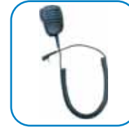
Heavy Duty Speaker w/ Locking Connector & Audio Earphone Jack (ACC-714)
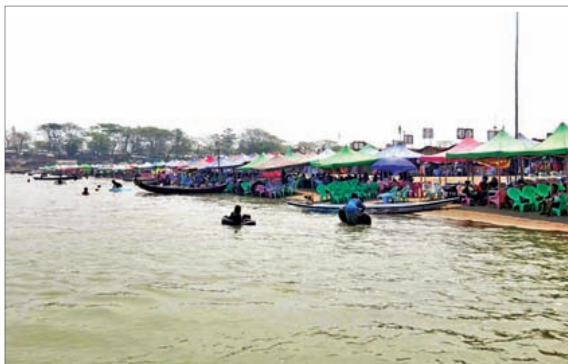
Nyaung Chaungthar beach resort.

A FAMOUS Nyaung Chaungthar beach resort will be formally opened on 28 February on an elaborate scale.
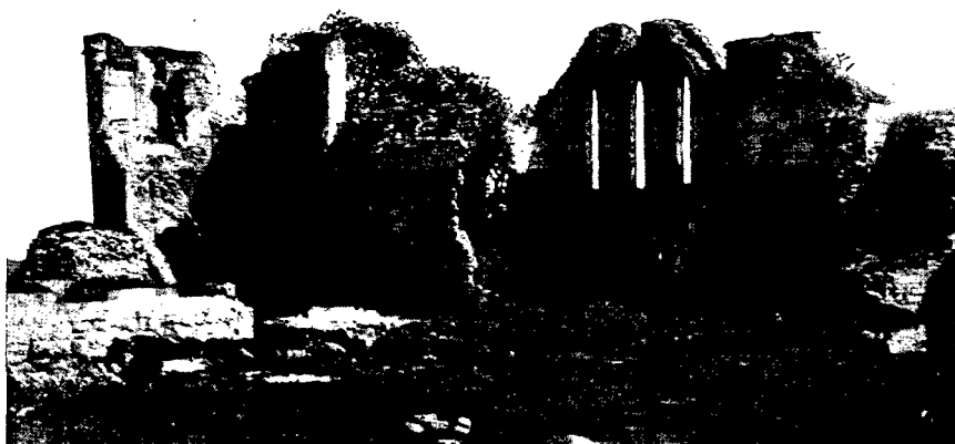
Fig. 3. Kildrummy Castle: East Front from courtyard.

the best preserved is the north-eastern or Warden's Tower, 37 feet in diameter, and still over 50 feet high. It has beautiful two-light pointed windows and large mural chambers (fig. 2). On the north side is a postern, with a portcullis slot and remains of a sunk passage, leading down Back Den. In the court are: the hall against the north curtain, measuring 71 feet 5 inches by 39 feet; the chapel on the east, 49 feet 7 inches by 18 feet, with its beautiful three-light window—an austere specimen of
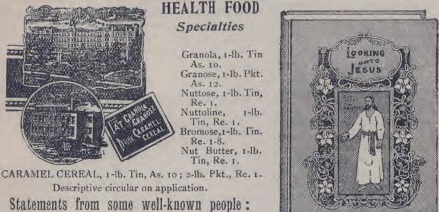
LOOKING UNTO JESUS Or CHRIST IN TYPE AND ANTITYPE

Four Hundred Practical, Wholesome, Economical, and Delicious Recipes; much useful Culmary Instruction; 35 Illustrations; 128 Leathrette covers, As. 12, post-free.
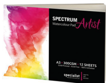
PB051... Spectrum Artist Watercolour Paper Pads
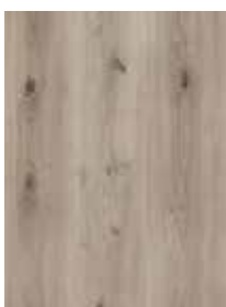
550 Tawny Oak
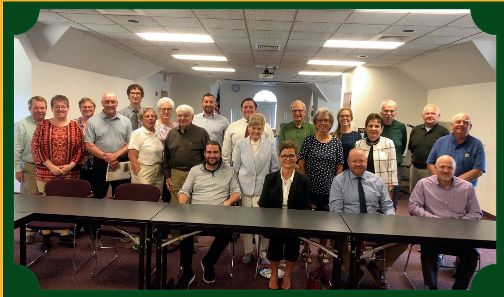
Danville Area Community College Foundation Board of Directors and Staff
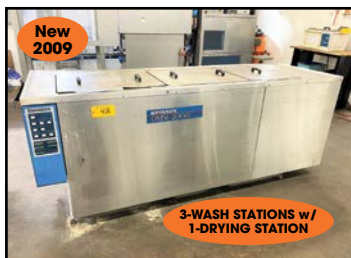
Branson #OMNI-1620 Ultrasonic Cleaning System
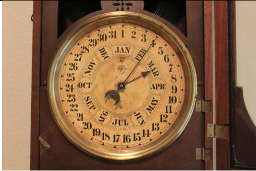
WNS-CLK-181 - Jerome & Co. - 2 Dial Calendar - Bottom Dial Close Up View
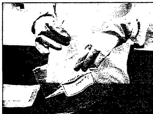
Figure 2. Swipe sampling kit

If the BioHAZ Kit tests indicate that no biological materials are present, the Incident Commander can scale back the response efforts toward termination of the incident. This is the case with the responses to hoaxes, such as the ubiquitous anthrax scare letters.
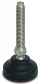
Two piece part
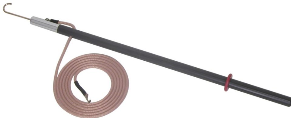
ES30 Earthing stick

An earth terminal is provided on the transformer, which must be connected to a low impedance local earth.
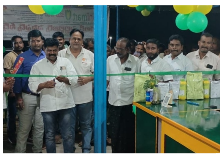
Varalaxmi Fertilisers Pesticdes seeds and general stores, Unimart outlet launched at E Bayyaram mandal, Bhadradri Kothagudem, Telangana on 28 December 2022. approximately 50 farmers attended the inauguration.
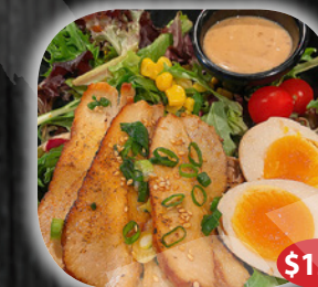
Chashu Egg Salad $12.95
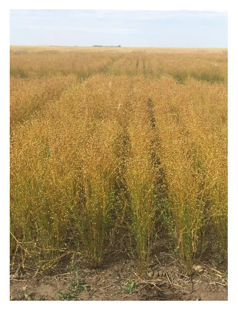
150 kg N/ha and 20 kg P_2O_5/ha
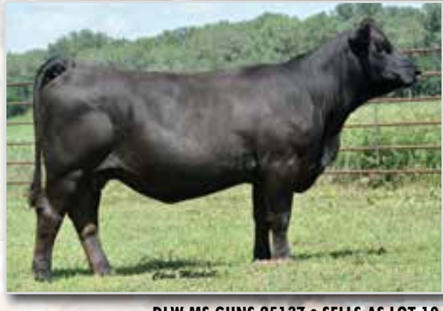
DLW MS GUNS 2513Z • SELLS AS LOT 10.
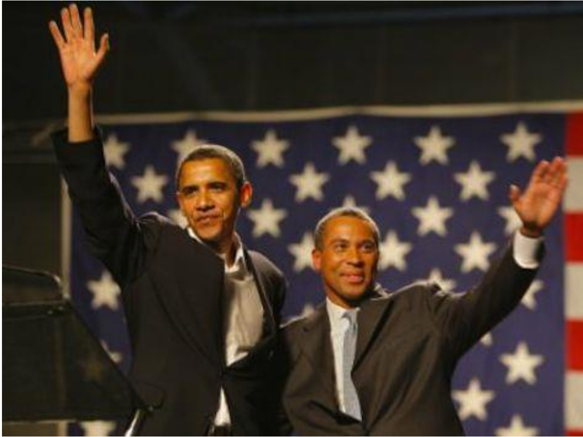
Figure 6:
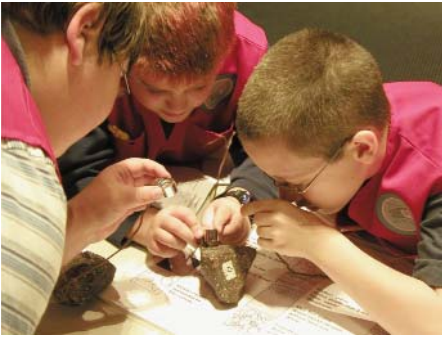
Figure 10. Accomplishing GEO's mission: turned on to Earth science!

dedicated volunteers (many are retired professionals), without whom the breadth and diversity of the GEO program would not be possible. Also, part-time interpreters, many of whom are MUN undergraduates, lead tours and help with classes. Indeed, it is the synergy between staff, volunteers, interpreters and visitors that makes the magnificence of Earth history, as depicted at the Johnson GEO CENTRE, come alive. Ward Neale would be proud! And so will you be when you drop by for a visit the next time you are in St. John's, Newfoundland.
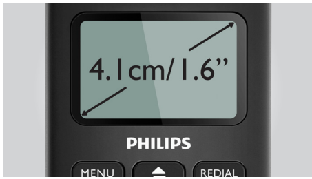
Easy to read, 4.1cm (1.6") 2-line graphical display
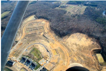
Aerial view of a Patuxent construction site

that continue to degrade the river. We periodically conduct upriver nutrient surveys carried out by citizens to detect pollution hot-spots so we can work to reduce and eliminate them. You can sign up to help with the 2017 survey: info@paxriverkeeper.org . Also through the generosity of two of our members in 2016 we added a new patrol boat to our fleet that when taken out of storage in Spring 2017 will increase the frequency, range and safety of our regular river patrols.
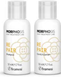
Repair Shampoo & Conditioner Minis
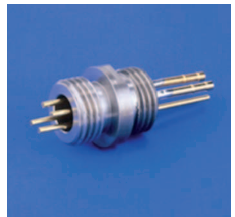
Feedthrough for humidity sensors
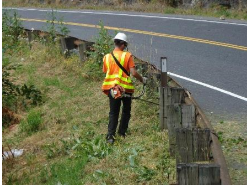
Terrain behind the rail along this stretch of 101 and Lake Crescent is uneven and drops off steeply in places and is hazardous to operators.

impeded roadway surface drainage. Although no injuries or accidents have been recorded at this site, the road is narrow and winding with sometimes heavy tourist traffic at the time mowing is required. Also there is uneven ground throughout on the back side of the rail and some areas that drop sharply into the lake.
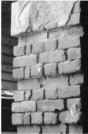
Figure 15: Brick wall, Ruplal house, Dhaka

######

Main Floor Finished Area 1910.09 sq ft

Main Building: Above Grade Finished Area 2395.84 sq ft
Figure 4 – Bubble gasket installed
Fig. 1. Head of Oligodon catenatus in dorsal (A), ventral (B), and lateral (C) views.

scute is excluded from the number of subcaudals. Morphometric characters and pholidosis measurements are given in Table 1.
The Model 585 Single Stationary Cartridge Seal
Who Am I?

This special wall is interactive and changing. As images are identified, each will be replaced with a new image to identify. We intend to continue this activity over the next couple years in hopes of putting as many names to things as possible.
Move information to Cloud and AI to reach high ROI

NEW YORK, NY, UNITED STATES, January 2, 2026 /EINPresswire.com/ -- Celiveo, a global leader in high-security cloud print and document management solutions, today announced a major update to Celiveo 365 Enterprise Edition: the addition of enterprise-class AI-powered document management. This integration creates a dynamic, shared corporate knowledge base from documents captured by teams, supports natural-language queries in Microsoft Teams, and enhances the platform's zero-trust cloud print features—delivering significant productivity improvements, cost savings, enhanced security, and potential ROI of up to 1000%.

######

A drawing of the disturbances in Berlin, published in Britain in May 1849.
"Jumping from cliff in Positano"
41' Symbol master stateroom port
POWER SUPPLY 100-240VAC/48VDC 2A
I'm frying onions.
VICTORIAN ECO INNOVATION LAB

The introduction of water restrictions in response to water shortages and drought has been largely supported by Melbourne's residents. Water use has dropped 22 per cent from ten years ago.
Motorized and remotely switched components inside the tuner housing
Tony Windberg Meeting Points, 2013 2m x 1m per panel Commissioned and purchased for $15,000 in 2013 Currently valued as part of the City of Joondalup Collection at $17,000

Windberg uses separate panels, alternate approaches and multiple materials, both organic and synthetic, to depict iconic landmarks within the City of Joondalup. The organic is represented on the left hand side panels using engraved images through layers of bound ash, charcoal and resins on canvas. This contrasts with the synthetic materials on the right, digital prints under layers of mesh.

######

*PROMPT*
Copy each line of the preceding material that contains "when".

*TASK OUTPUT*
dedicated volunteers (many are retired professionals), without whom the breadth and diversity of the GEO program would not be possible. Also, part-time interpreters, many of whom are MUN undergraduates, lead tours and help with classes. Indeed, it is the synergy between staff, volunteers, interpreters and visitors that makes the magnificence of Earth history, as depicted at the Johnson GEO CENTRE, come alive. Ward Neale would be proud! And so will you be when you drop by for a visit the next time you are in St. John's, Newfoundland.
that continue to degrade the river. We periodically conduct upriver nutrient surveys carried out by citizens to detect pollution hot-spots so we can work to reduce and eliminate them. You can sign up to help with the 2017 survey: info@paxriverkeeper.org . Also through the generosity of two of our members in 2016 we added a new patrol boat to our fleet that when taken out of storage in Spring 2017 will increase the frequency, range and safety of our regular river patrols.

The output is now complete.